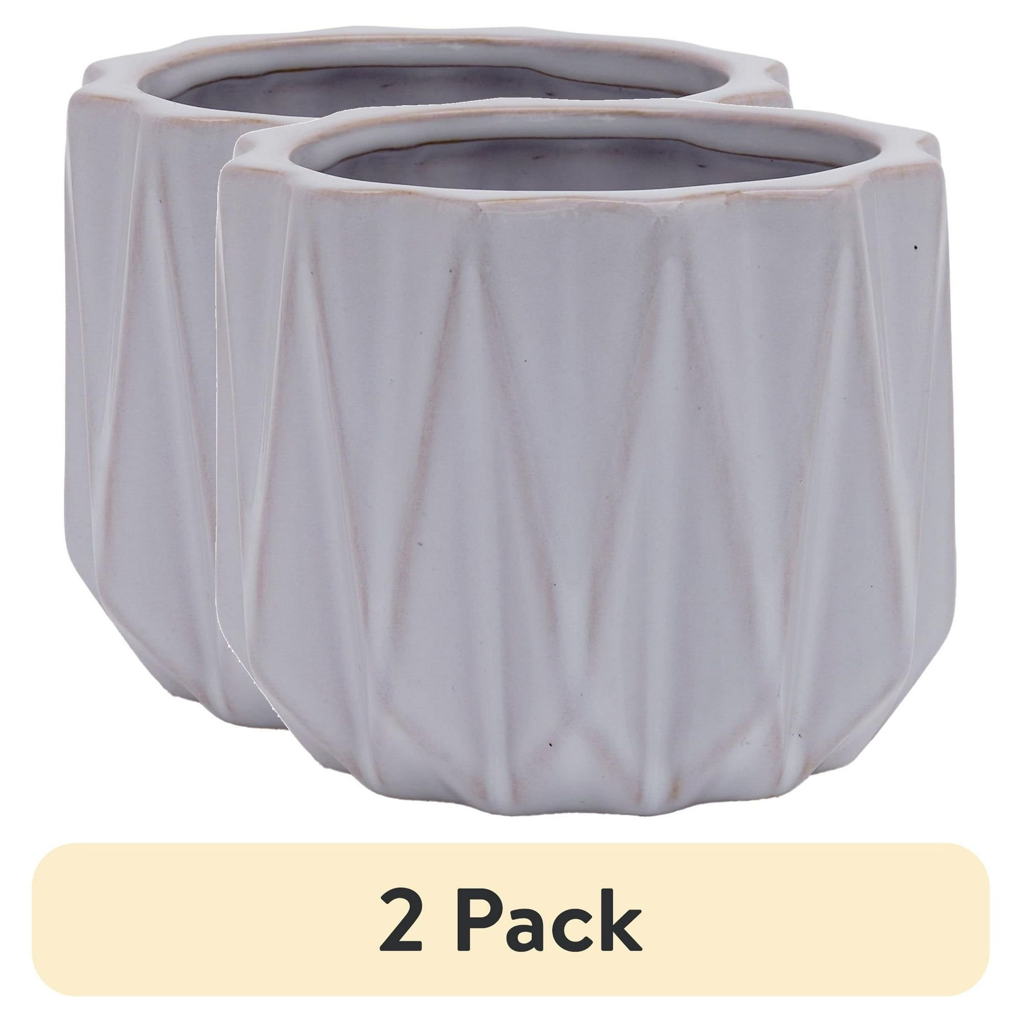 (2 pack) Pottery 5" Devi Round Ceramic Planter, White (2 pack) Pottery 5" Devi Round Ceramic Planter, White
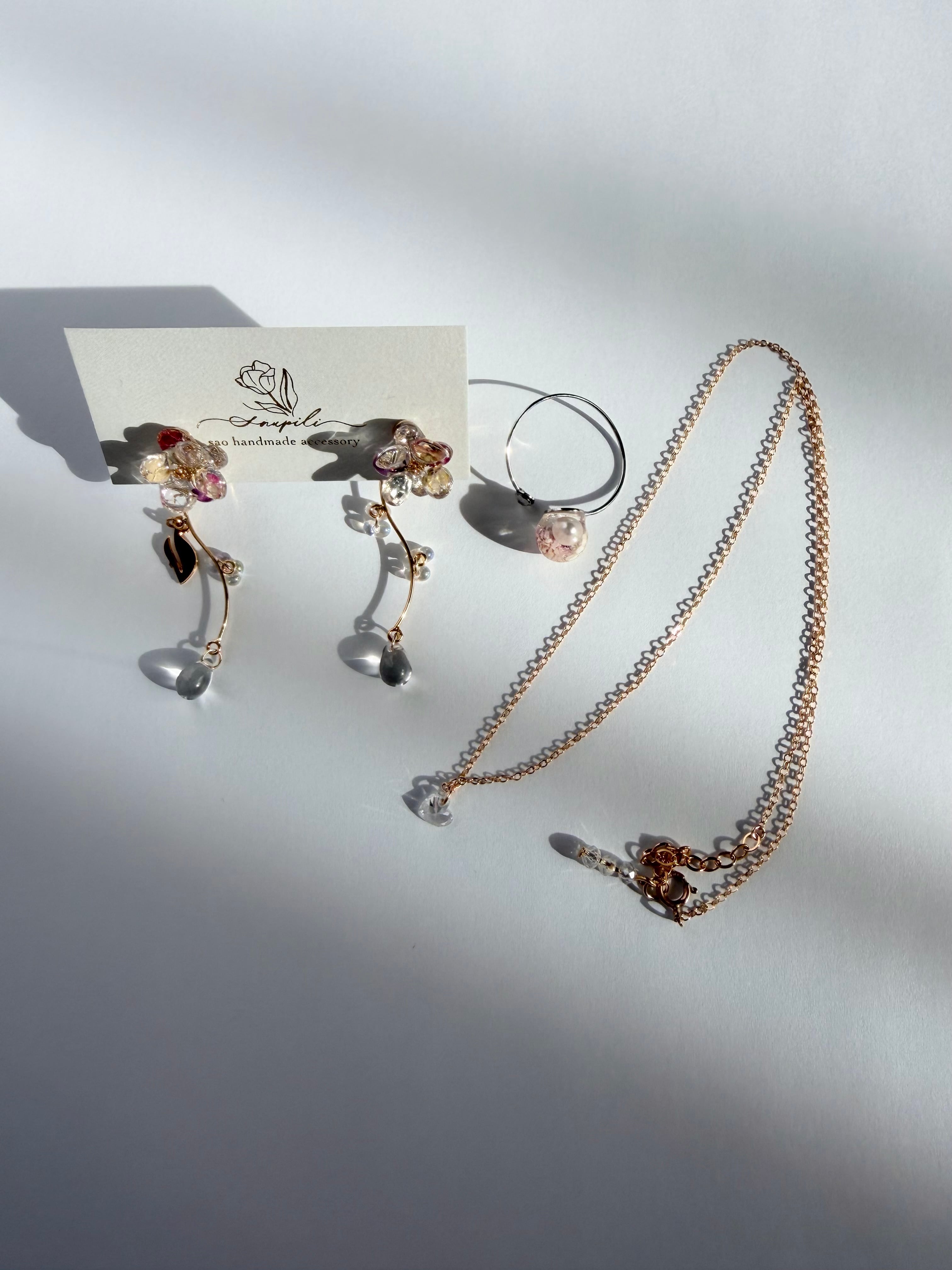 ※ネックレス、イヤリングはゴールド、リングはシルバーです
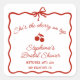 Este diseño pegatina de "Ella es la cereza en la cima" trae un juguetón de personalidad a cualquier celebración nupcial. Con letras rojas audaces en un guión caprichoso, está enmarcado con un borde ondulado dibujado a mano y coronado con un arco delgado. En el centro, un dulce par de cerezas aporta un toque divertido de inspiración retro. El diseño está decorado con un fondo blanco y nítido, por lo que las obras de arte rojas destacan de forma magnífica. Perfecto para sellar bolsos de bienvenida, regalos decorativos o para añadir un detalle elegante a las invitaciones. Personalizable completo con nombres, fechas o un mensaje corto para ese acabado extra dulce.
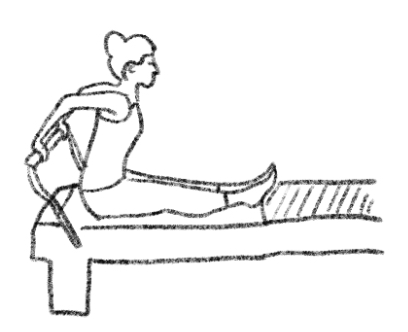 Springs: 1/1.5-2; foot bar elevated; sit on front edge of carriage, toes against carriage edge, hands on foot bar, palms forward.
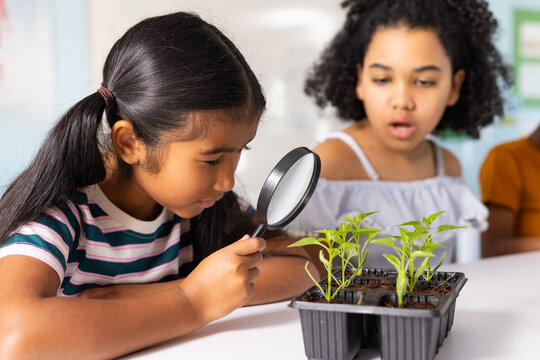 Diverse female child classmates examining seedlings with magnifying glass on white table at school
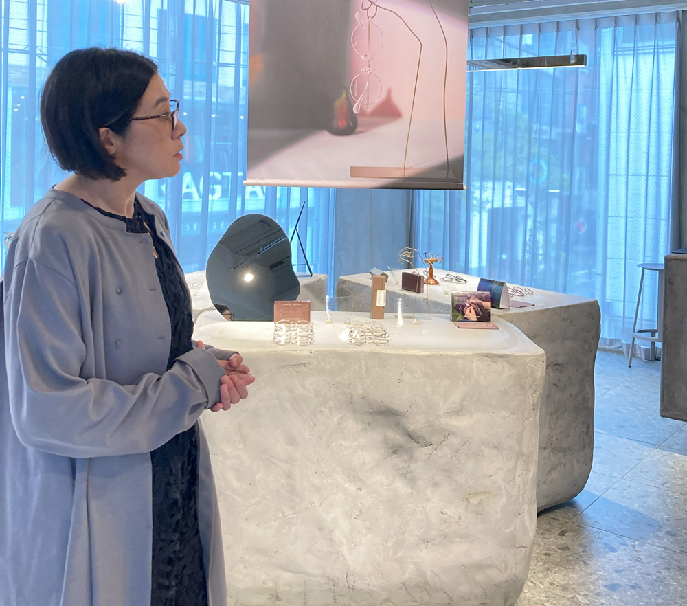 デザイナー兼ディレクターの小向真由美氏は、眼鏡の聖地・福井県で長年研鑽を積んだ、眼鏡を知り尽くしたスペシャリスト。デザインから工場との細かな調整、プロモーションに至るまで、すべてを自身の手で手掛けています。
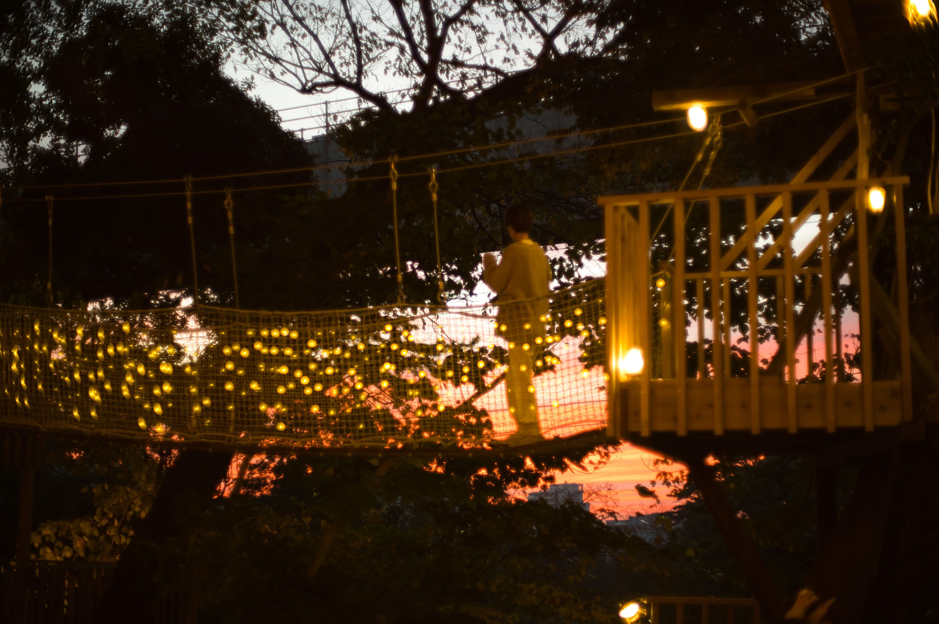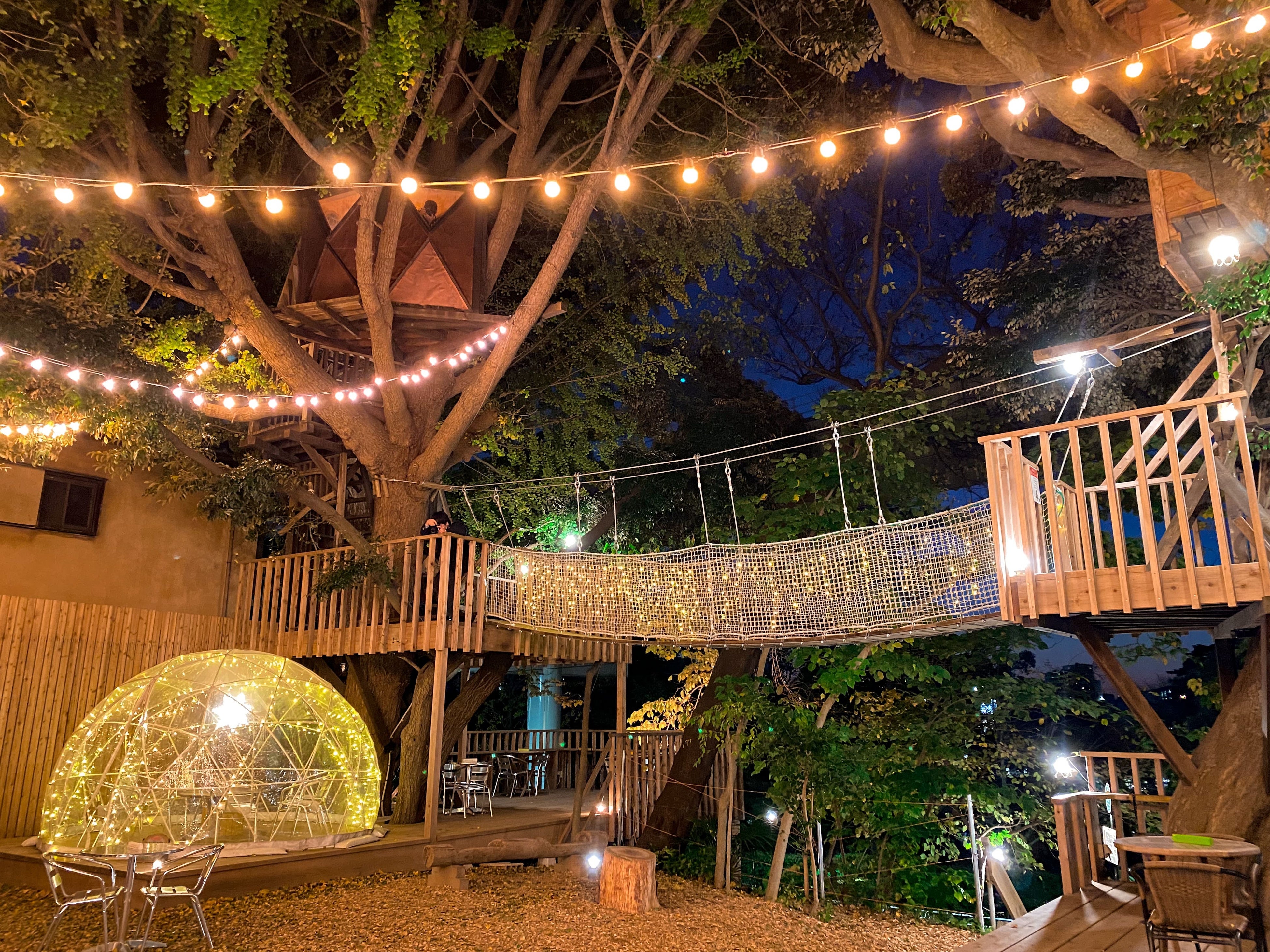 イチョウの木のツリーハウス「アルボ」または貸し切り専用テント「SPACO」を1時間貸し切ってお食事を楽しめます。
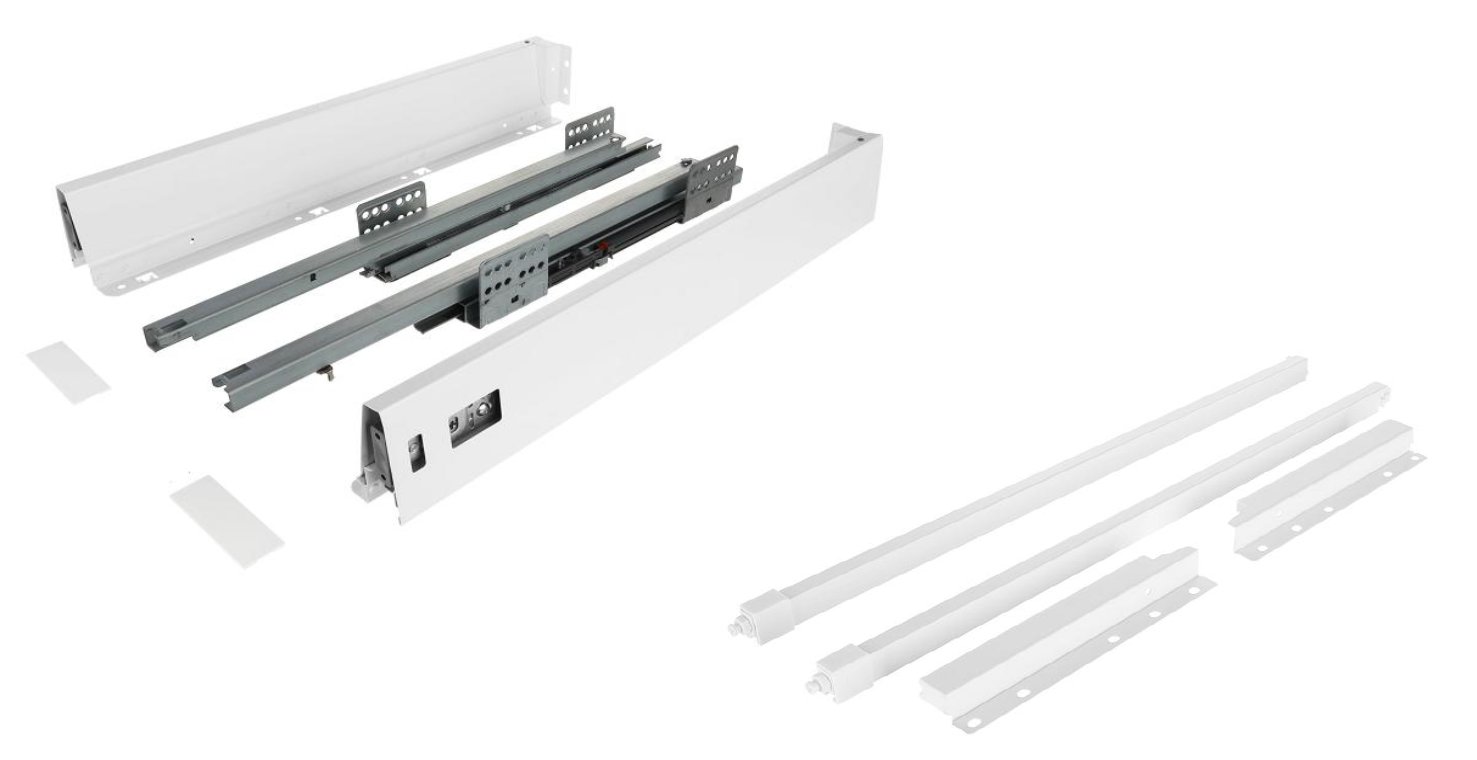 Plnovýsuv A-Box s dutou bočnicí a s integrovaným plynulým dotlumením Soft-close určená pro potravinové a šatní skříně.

——————

**TASK:**
When you copy the lines above, drop the pictures and keep everything else exact.

**RESPONSE:**
 (2 pack) Pottery 5" Devi Round Ceramic Planter, White (2 pack) Pottery 5" Devi Round Ceramic Planter, White
 ※ネックレス、イヤリングはゴールド、リングはシルバーです
 Este diseño pegatina de "Ella es la cereza en la cima" trae un juguetón de personalidad a cualquier celebración nupcial. Con letras rojas audaces en un guión caprichoso, está enmarcado con un borde ondulado dibujado a mano y coronado con un arco delgado. En el centro, un dulce par de cerezas aporta un toque divertido de inspiración retro. El diseño está decorado con un fondo blanco y nítido, por lo que las obras de arte rojas destacan de forma magnífica. Perfecto para sellar bolsos de bienvenida, regalos decorativos o para añadir un detalle elegante a las invitaciones. Personalizable completo con nombres, fechas o un mensaje corto para ese acabado extra dulce.
 Springs: 1/1.5-2; foot bar elevated; sit on front edge of carriage, toes against carriage edge, hands on foot bar, palms forward.
 Diverse female child classmates examining seedlings with magnifying glass on white table at school
 デザイナー兼ディレクターの小向真由美氏は、眼鏡の聖地・福井県で長年研鑽を積んだ、眼鏡を知り尽くしたスペシャリスト。デザインから工場との細かな調整、プロモーションに至るまで、すべてを自身の手で手掛けています。
 イチョウの木のツリーハウス「アルボ」または貸し切り専用テント「SPACO」を1時間貸し切ってお食事を楽しめます。
 Plnovýsuv A-Box s dutou bočnicí a s integrovaným plynulým dotlumením Soft-close určená pro potravinové a šatní skříně.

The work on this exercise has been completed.